Executed Macedonian murderer and suspected serial killer

Poral Stefoff (1860 – December 23, 1909) was a murderer and self-confessed serial killer. Convicted and sentenced to death for the robbery-murder of his second cousin in Toronto in 1909, Stefoff confessed to three additional murders committed in the United States just hours prior to his execution, for which he was never prosecuted.

==Murder of Evan Simoff==
On April 21, 1909, the body of a young Macedonian immigrant named Evan Simoff was found inside a boarding house on Toronto's Eastern Avenue. An autopsy determined that he had been murdered with a hatchet, likely during a robbery, as all of his money had been stolen. Later that same day, a second cousin of the murder victim, Poral Stefoff, was arrested and charged with his murder after people noticed that he had human bloodstains on his boots and clothing. After being searched, policemen also found a bloody hatchet he was carrying with him.

In October of that year, Stefoff was put on trial for Simoff's murder, with multiple witnesses being brought forward to testify against him. The most important of these was a man named Babaroff, who was brought from Macedonia to testify against Stefoff. In his testimony, which was translated into English by an interpreter, Babaroff said that he was a friend of both Simoff and Stefoff and rejected that he had ever given a $100 bill to the latter, a claim made by Stefoff when he was first put under arrest. Due to the overwhelming amount of witness testimony and physical evidence against him, Stefoff was found guilty on all counts.

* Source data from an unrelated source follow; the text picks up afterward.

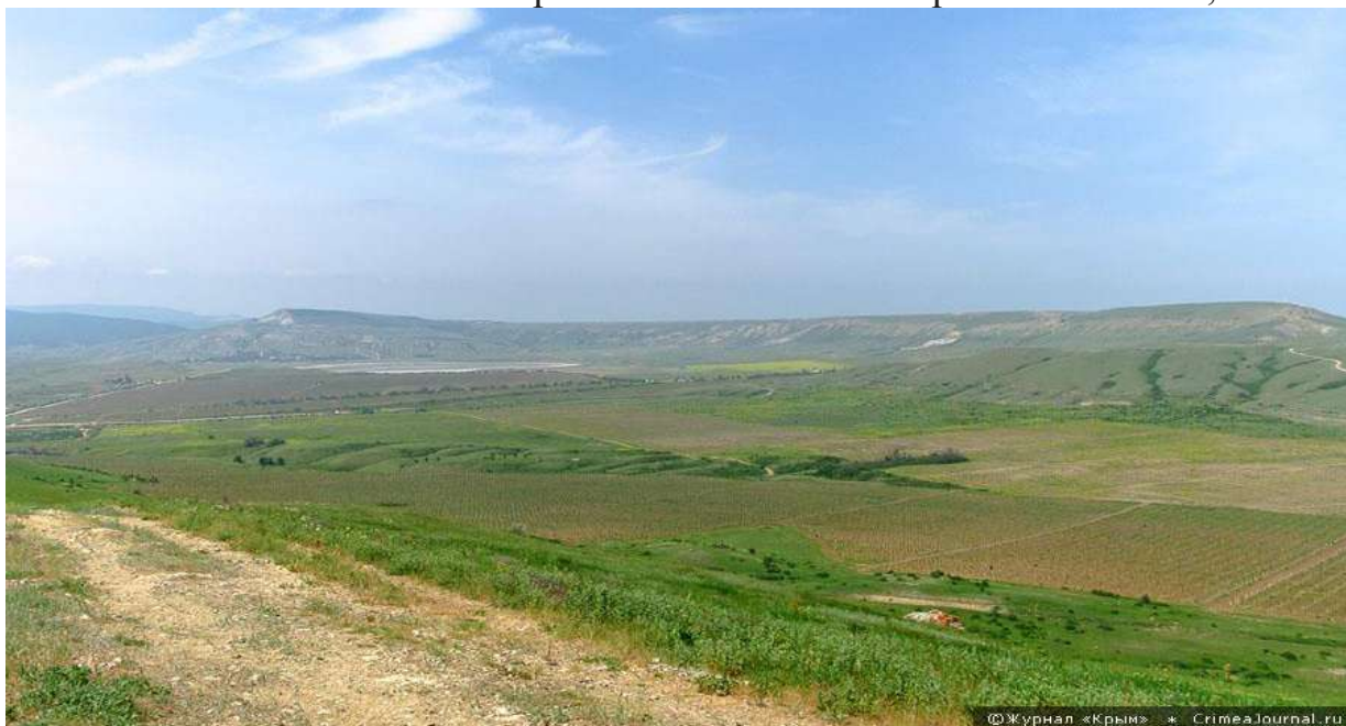
Хребет Узун-Сырт или гора Клементьева
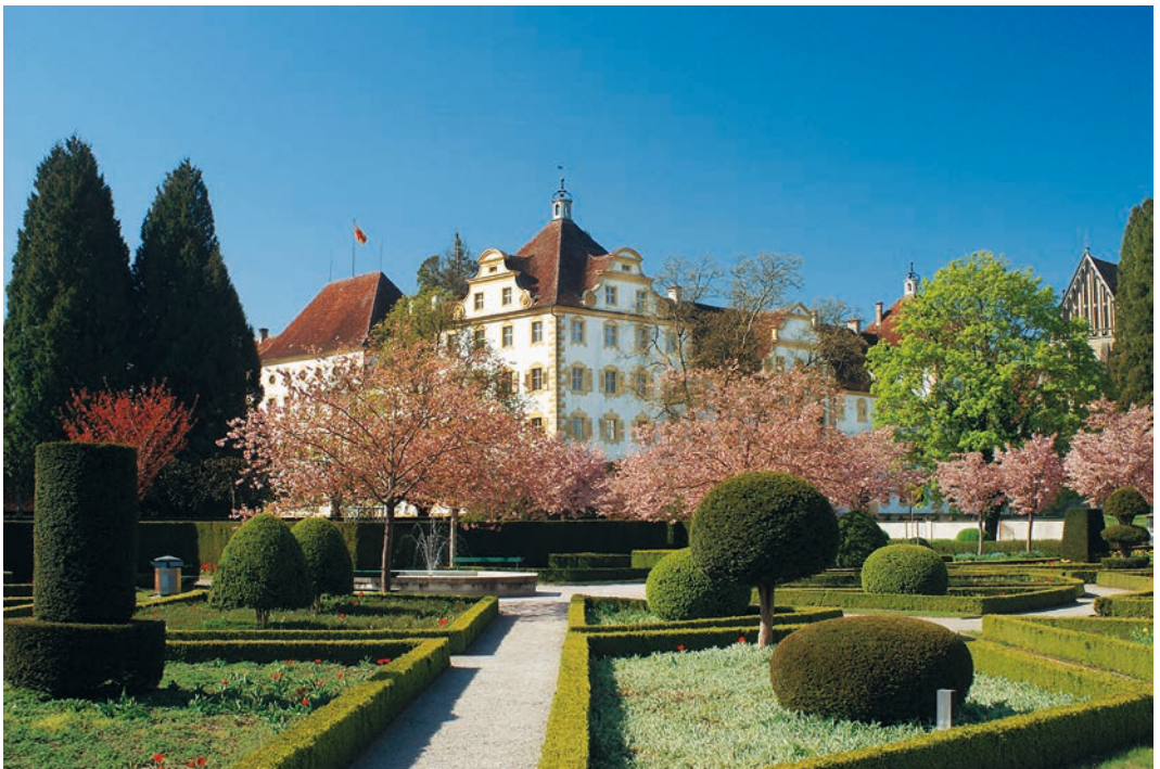
Nordostecke der Prälatur, vom Hofgarten aus gesehen

der Mönche bestimmen. „ Hast du erst ein eigenes Gebetbuch, so willst du über ein kurzes einen eigenen Diener, der dir das Gebetbuch trägt “, soll der größte der Zisterzienseräbte, der heilige Bernhard von Clairvaux zu einem Mönch gesagt haben. Und die Einfachheit im täglichen Leben gab schließlich in Maulbronn Anlass zur Geschichte um den Elfinger Wein. Getreu den großen Vorbildern, den Mutterklöstern in Burgund, war der geeignete Ort für eine Klostergründung ein abgeschiedenes Tal, in dem die Mönche die vom Orden geforderte Distanz zur Welt leben konnten.
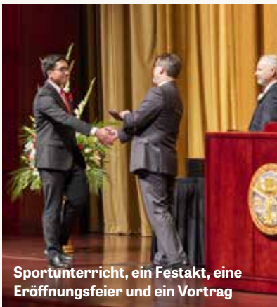
Sportunterricht, ein Festakt, eine Eröffnungsfeier und ein Vortrag
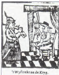
Detail uit 'Als gij dees Nieuwe Wereld ziet...', houtsnede, ca. 1800
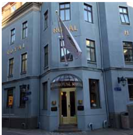
Hotel Royal Göteborg
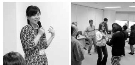
中国語サロン講師

当協会の外国人スタッフが講師となり、コミュニケーションに役立つ会話表現や文化紹介をしました。
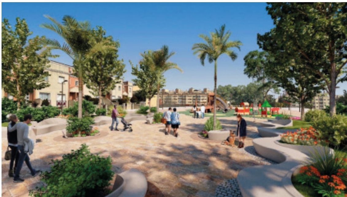
Imatge de la proposta d'ajardinament de la Rambla Cañas

S'impulsarà la infraestructura verda, amb la creació de nous parcs i jardins públics , entre els principals en destaquem:
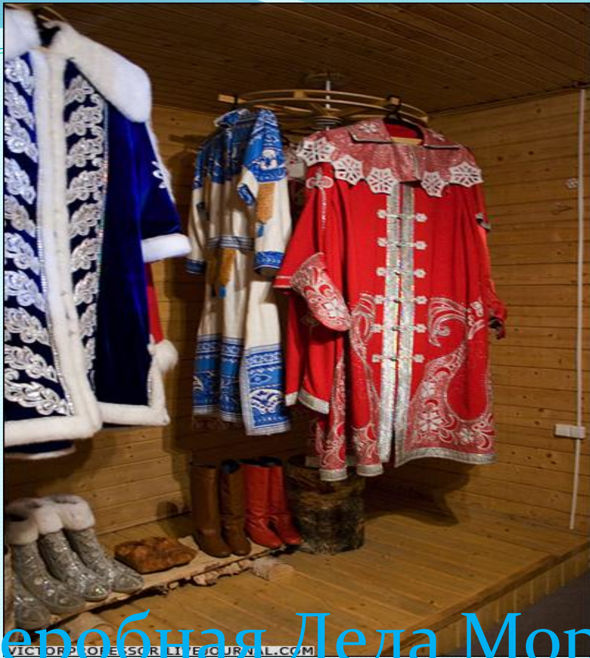
Гардеробная Деда Мороза
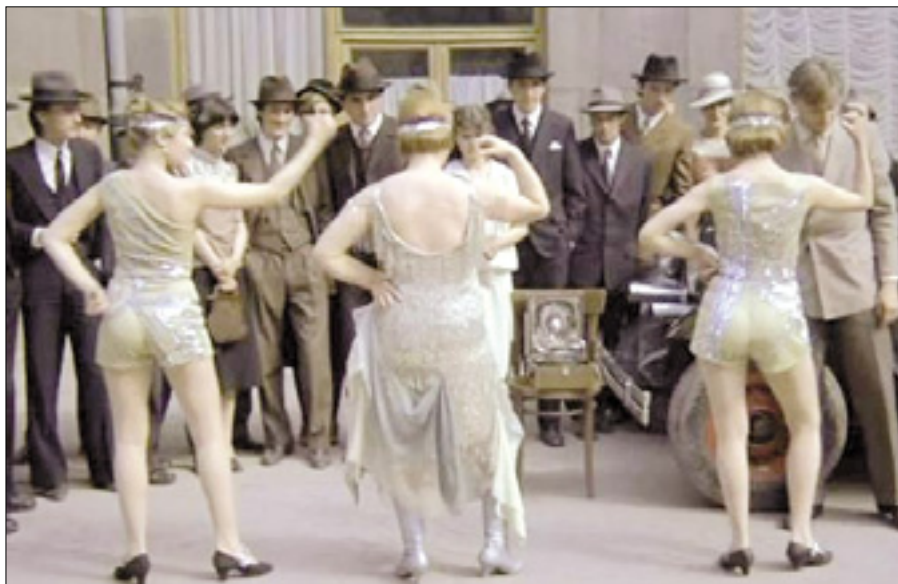
Prizor iz filma Splan Meduze režiserja Karpa Godine, ki ga bodo drevi predvajali v Rimu

Zvečer bosta v družbi slavnega režiserja Godine, sicer lanskoletnega prejemnika najpomembnejšega priznanja slovenskim filmarjem Badjurve nagrade, na ogled njegov celovečerni film Splan meduze, ki je leta 1980 prejel nagrado kraljevskega filmskega arhiva Belgije, in kratki film Zdravi ljudje za razvedrilo (Zdravi ljudi za razonodu, Litany of Happy People, 1971).
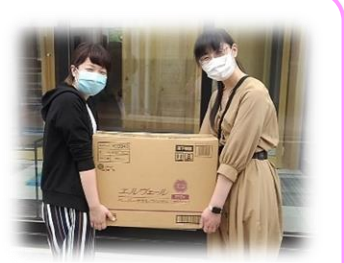
福島県 郡山 菊池医院様
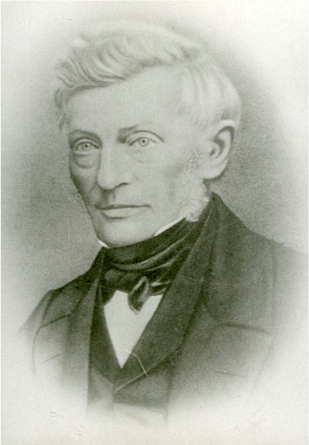
M.G. Krag (1794 – 1864)
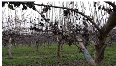
【겨울철 가지의 병징】
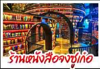
ร้านหนังสือจงซูเก้อ
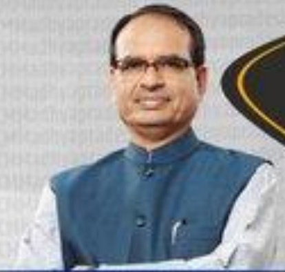
Shri Shivraj Singh Chouhan Chief Minister

45 highway projects of road length 1361 Kms worth over Rs 11,000 crore
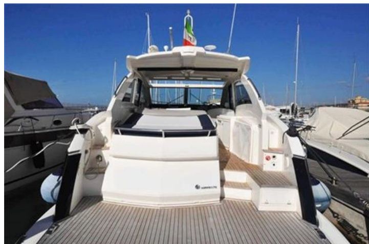
Absolute 40 (3) poppa
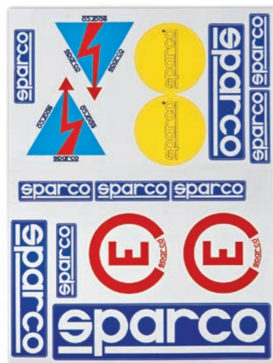
KIT 16 ADESIVI FUSTELLATI KIT OF 16 STICKERS KIT DE 16 ADHESIVOS

Foglio adesivo fustellato da rally Punched sticker rally paper Hoja adhesiva troquelada de rally

Later that same day, Stefoff was sentenced to death by Justice Riddell, who gave a long address to the convict which was translated to him via his interpreter. Stefoff himself remained stoic and indifferent throughout the proceedings, only requesting that he be able to talk to his younger brother and Rev. Atlas, his spiritual adviser, before his official sentencing phase.

==Imprisonment, confessions, and execution==
In early December, one of Stefoff's spiritual advisers, William Ames, claimed that he had found a witness who could supposedly exonerate Stefoff – that man was William Irving, a foreman for the Canadian Northern Railway who claimed the convict had gone to apply for a job at his workplace when the crime was supposedly committed. Nothing came out of his claim, and the execution was allowed to proceed.

On December 23, 1909, Stefoff was hanged at the Don Jail in Toronto. Just an hour prior to his execution, he suddenly confessed to one of his advisers, John Kolesnikoff, that he was responsible for the murders of three other men committed in the United States. While he did not give him much details about them, he claimed in 1904, while living in either Terre Haute or Bedford, Indiana, he had shot an Englishman during a dispute at the boarding house they were living in, but was shielded by fellow Macedonians when authorities came to investigate. He then fled the country and spent some time travelling across Europe, but returned after two years to escape the authorities for crimes committed in his homeland. Not long after, he killed two fellow Macedonians in Akron, New York and left their bodies in a box car, before again fleeing the country and settling in Toronto. It was supposed that if his execution was stayed or he was found not guilty, he would likely be extradited to the U.S. to face murder charges there.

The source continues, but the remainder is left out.